I'm not saying that Trump (or Bush II) would have won the popular vote. I'm saying that we don't know. When the popular vote under an Electoral College system is won by just a couple percent, we simply have no idea what the outcome would be without an Electoral College.  

This brings me back to my previous post. The 13 Keys model predicts only the popular vote but it was developed using historical popular vote outcomes under an Electoral College system. That makes we wonder whether or not elimination of the College would change the predictive power of those Keys.

Friday, November 18, 2016

The 2016 Presidential Election was NOT the Death of Data

Now that the presidential election is a couple of weeks in our rear window, I thought it a good time to comment on some data aspects of the election. Driving to work the morning after the election I listened to national program announce that the election results signaled "the death of data" because the polls had been so terribly wrong. Others have written about the data's failure.

That's simply not true. First, some polls did a pretty good job predicting the outcome. Whether or not those polls should have been considered outliers will be debated in the polling community for many years.

However, I want to focus on another issues. For this discussion, let's concede that "most of the polls were wrong". That's still not the death of data. At worst, it's the death of survey data.

For decades, social scientists have known that self-reported activities often don't match behaviors. Perhaps the most famous example is the Tucson Garbage Project. Political pollsters, and those who report on them, should always keep in mind that they're merely getting people's statements about what they are going to do. They are not getting any information on actual actions. In other words, they don't have empirical data.

How would you use empirical data to predict a presidential outcome? Just ask Alan Lichtman. Lichtman's "13 Keys to the White House" model has correctly predicted every presidential election since 1984 and it doesn't use polling data. Instead, it was created by looking at historical voting data (in other words, empirical data) from 1860 through 1980. There are 13 true/false indicators. If enough of them come up "against", then it predicts the incumbent party in the White House will lose the popular vote to the challenging party. It says nothing about the electoral college.

That distinction between popular vote and electoral college is very important. Lichtmans' model correctly predicted Gore's popular vote win in 2000. It did not predict Bush's electoral college victory because it doesn't predict anything about the electoral college. It can't be considered either right or wrong on the electoral college.

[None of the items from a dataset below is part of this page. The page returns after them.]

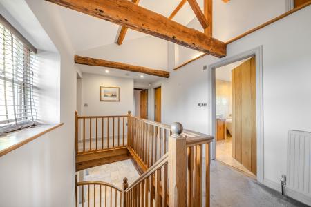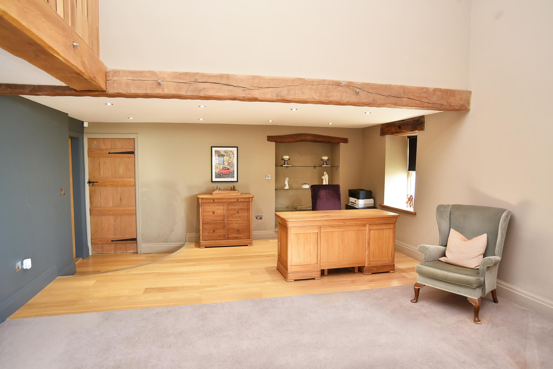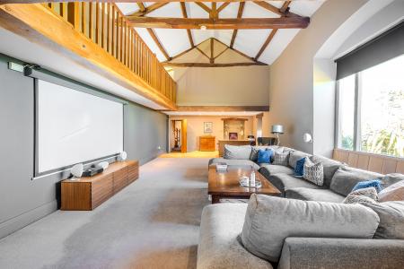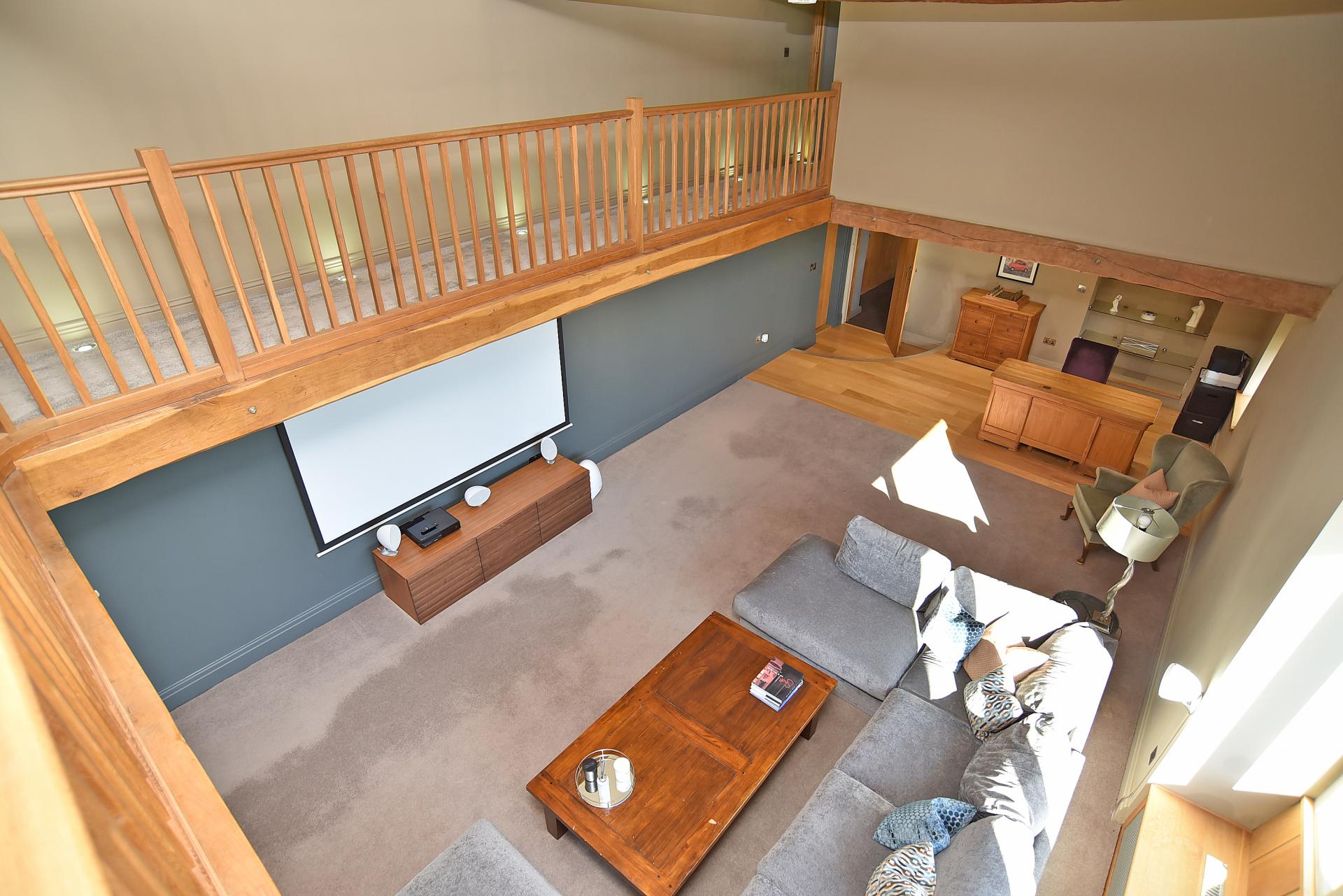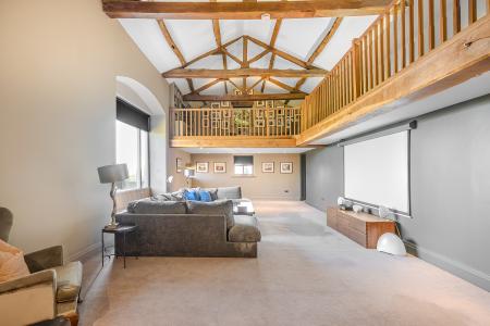 The principal reception rooms are equally impressive. The dual-aspect living room features vaulted ceilings, exposed beams and a mezzanine gallery above – an inspiring space for family gatherings or entertaining. A more intimate drawing room, with French doors onto the gardens, offers an additional retreat.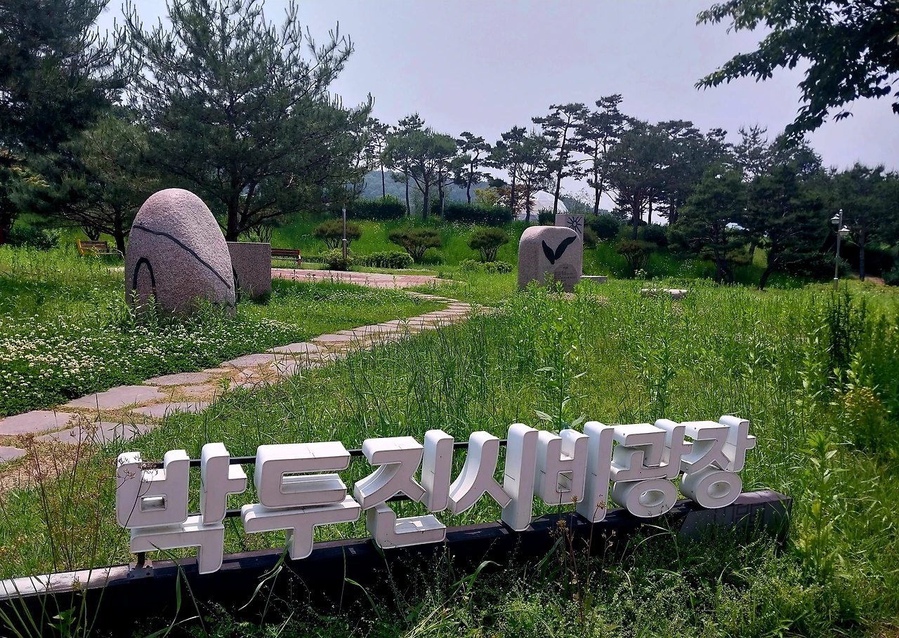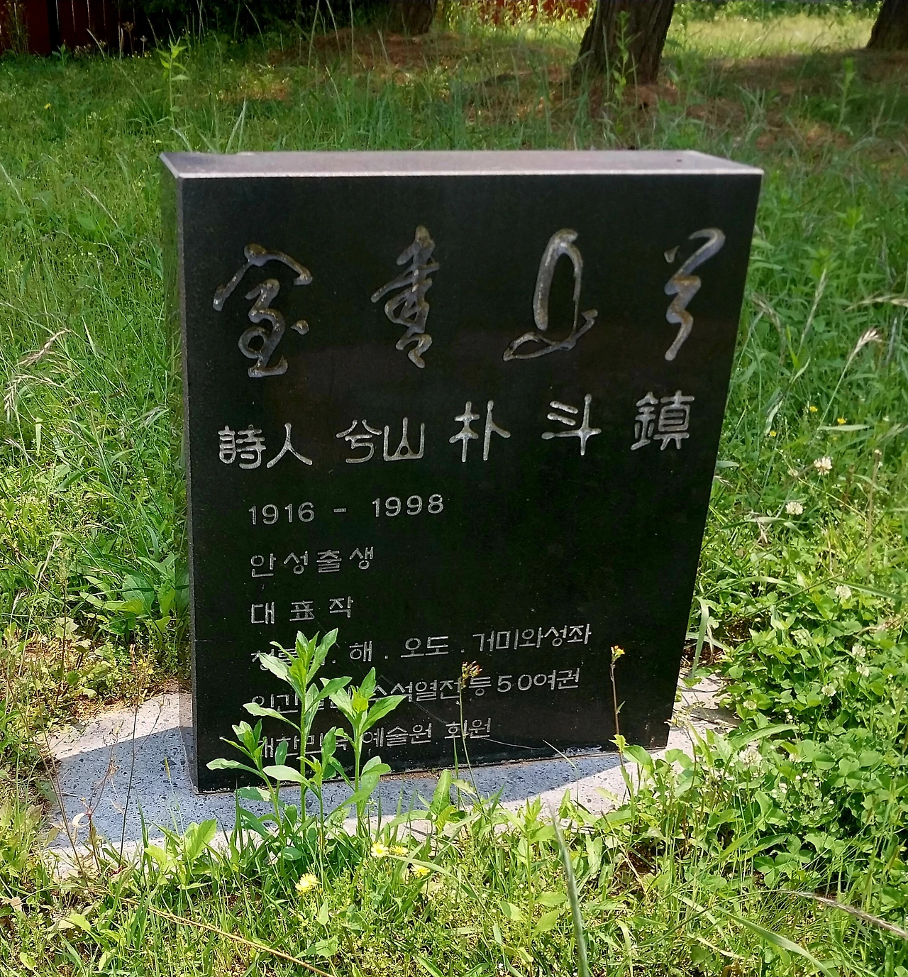 초록빛 찬란한 박두진 시비 광장에서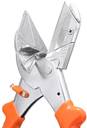 Designed for use on timber and cardboard, plastic formwork fillet. Designed to cut trunking, Article plastic, batten, plastic pipe or any plastic products. To complete all kinds of arbitrary shear: 45°, 60°, 75°, 90°, 105°, 120°. Able to adjust the Angle from 45°to 135°on left and right. Ergonomic design handle, comfortable to hold. Not easy to rust. High strength and hardness. Easy to use. Durable and practical.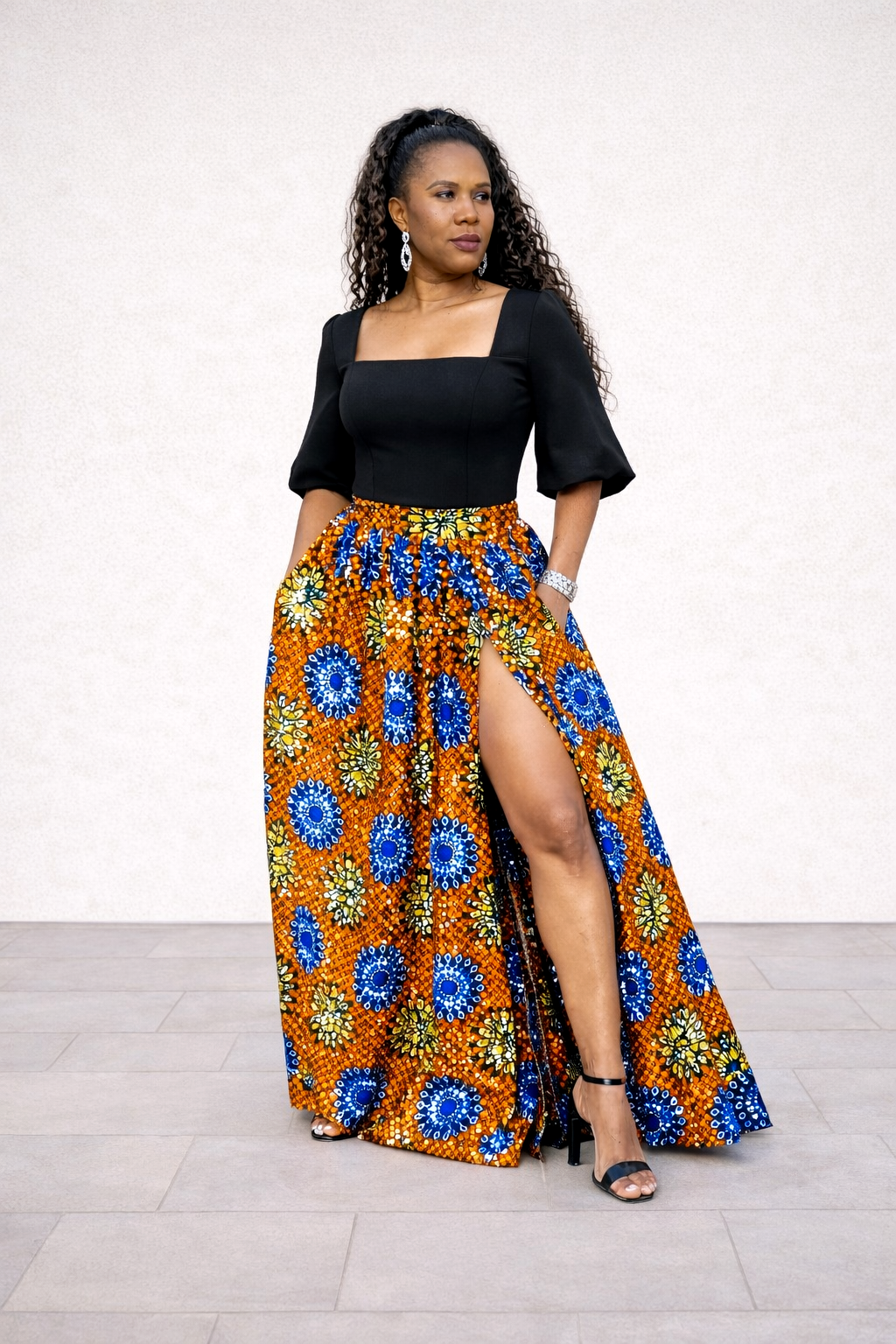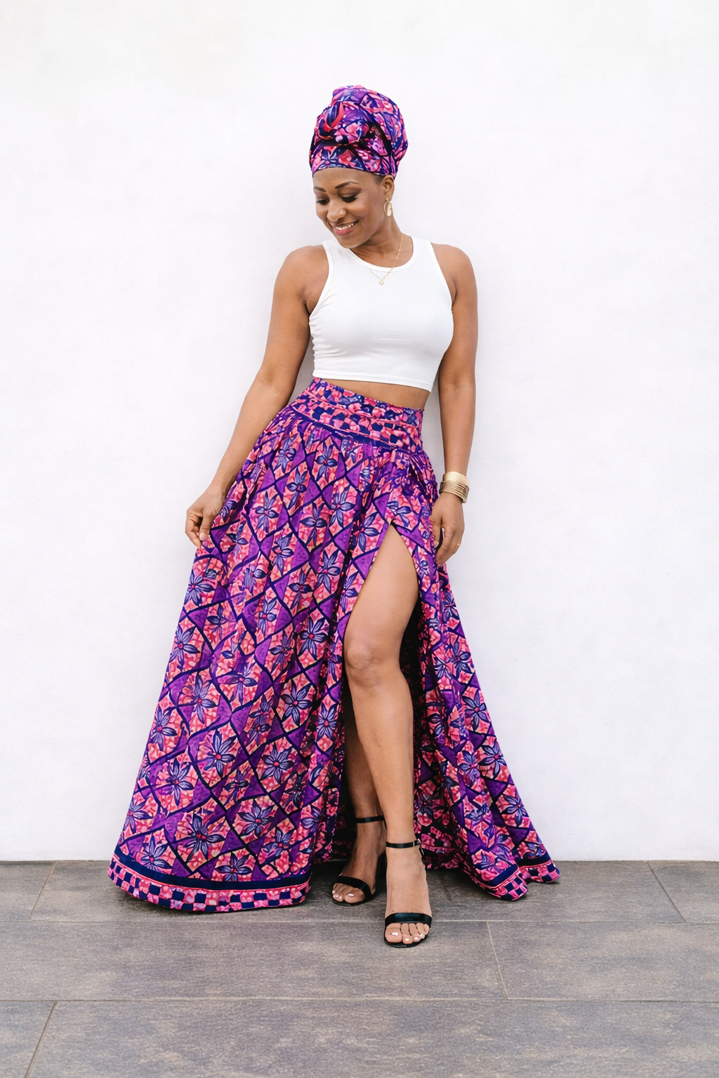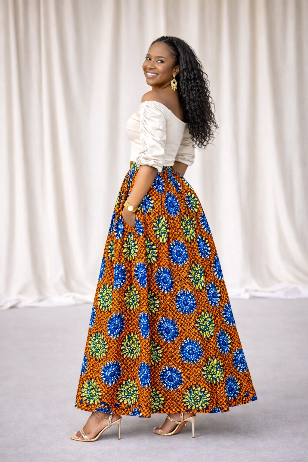 The Rubane Collection features bold African print maxi skirts designed to celebrate colour, heritage, and modern elegance. With a flattering high-waist silhouette and flowing structure, these skirts make a striking statement for any occasion.

Sometimes, the 13 Keys are clear fairly early the election cycle. At least once, Lichtman made his prediction two years ahead of the election. This time around, his prediction was later in the cycle and he predicted a Trump victory. After the election, he was hailed by some as being one of just a few who predicted correctly.

Now if you've been paying attention up to this point, you might say "Wait a minute. You said that Lichtman predicts the popular vote, not the electoral college and Clinton won the popular vote. Therefore he was wrong!".

On the surface it would appear that way. However, the final Key that turned "against" the incumbent party involved third party candidates. A significant third party vote was a signal against the incumbents. When Lichtman made his prediction, it looked very much like Gary Johnson would be a significant third party influence. In the end though, all the third party votes combined were under 5%. In other words, this Key actually went in favor of the incumbent party and, sure enough, Clinton won the popular vote.

Admittedly, calling this particular Key true or false involved polling data on the third parties, but the Key itself was developed with empirical data and the 13 empirically developed Keys once again predicted correctly. The worst you can say about Lichtman's prediction is the he predicted a Key wrong but the Keys themselves predicted correctly.

That's far from "the death of data".